As we all know, when we are at work, seeking to discover, learn or find facts to do our jobs better, we need a different kind of search. Thus, we seek a clear search winner built just for our enterprise with all of its idiosyncrasies. The problem is that what is inside does not look like the rest of the world’s content as it is aggregated for commercial views. Enterprises are unique and operate sometimes chaotically, or, at best, with nuanced views of what information is most important.

The second distinction relates to taxonomies, and the increase in their development and use. I’ve seen a dramatic increase in job postings for “taxonomists” and have managed several projects for enterprises over the years to build these controlled lists of terms for categorizing content. What is noteworthy about recent job opportunities is that most seem to be for customer facing Web sites. Historically, organizations with substantial internal content (e.g. research reports, patents, laboratory findings, business documents) hired professionals to categorize materials for a narrowly defined audience of specialists. The terminology was often highly unique, could number in the hundreds or thousands of terms, even for a relatively small enterprise. This is no longer a common practice.

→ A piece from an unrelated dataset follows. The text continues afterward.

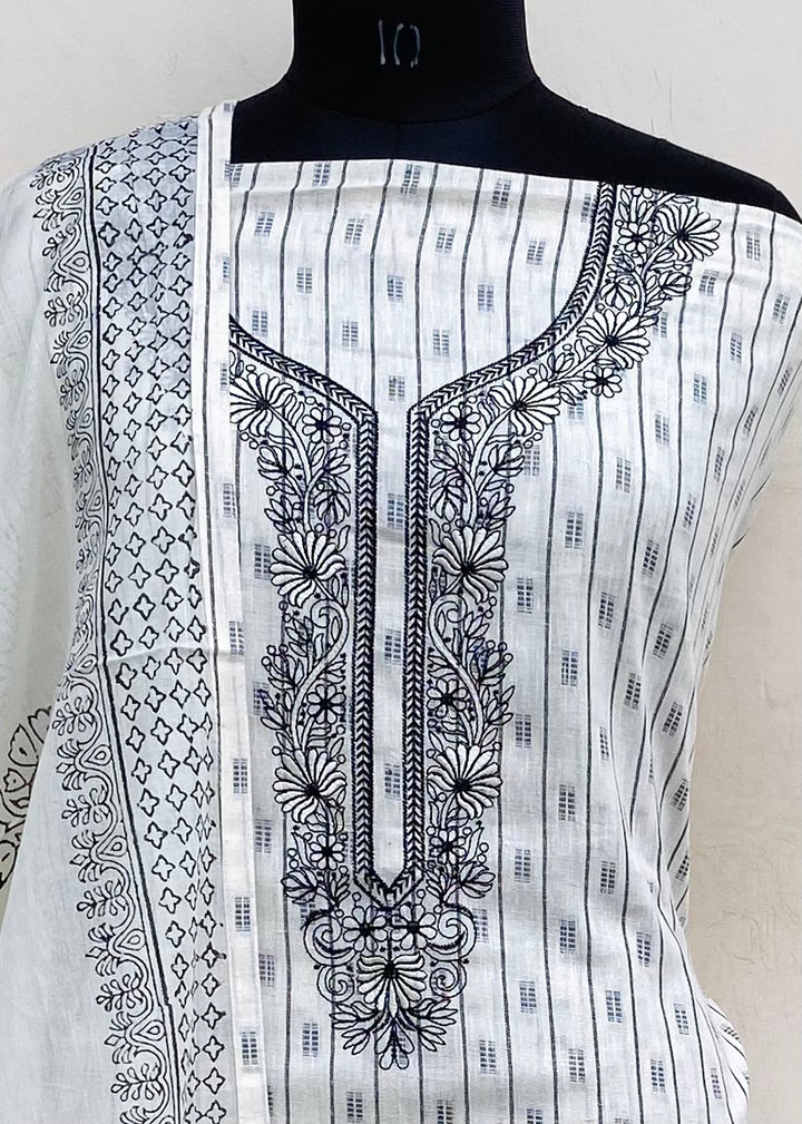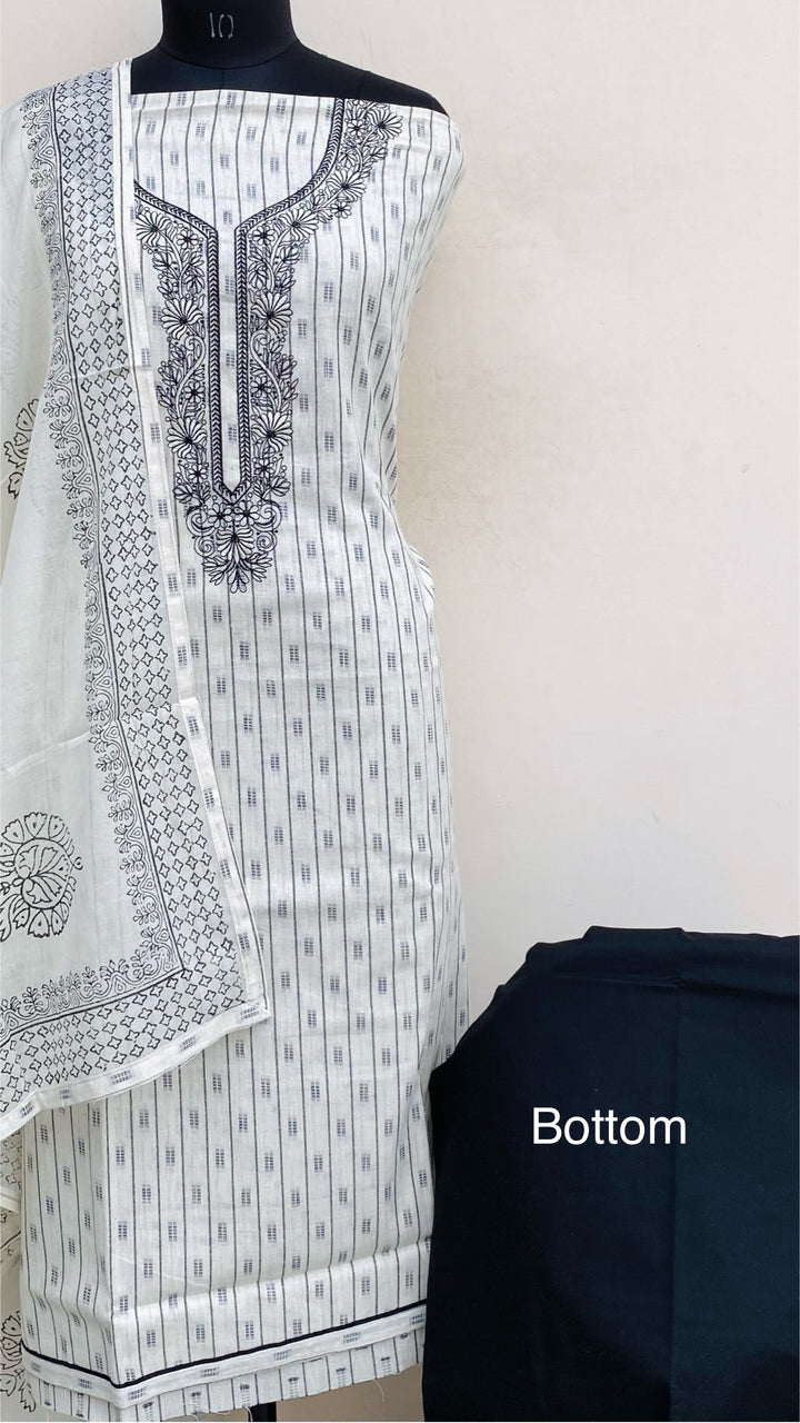 Designer Embroidered Suit Length 3 Piece Cream Mal Cotton With Printed Mal Cotton Dupatta & Black Colour Cotton Bottom

Slow financial growth in enterprise search markets is no surprise. Like many tools designed and marketed for departments not directly tied to revenue generation, search goes begging for solid vertical markets. Search’s companion technologies are also struggling to find a lucrative toehold for use within the organization. Content management systems integrated with rich and efficient taxonomy building and maintenance functions are hard to find.

I am confident that tools in CMS products for building and maintaining complex taxonomies will not improve until enterprises find a solid business reason to put professional human resources into doing content management, taxonomy development, search, and text analytics on their most important knowledge assets. This is a tough business proposition compared to the revenues being driven on the Internet. What businesses need to keep in mind is that without the ability to leverage their internal knowledge content assets better, smarter and faster, there won’t be innovative products in the pipeline to generate commerce. Losing track of your valuable intellectual resources is not a good long term strategy. Once you begin committing to solid content resource management strategies, enterprise technology products will improve to meet your needs.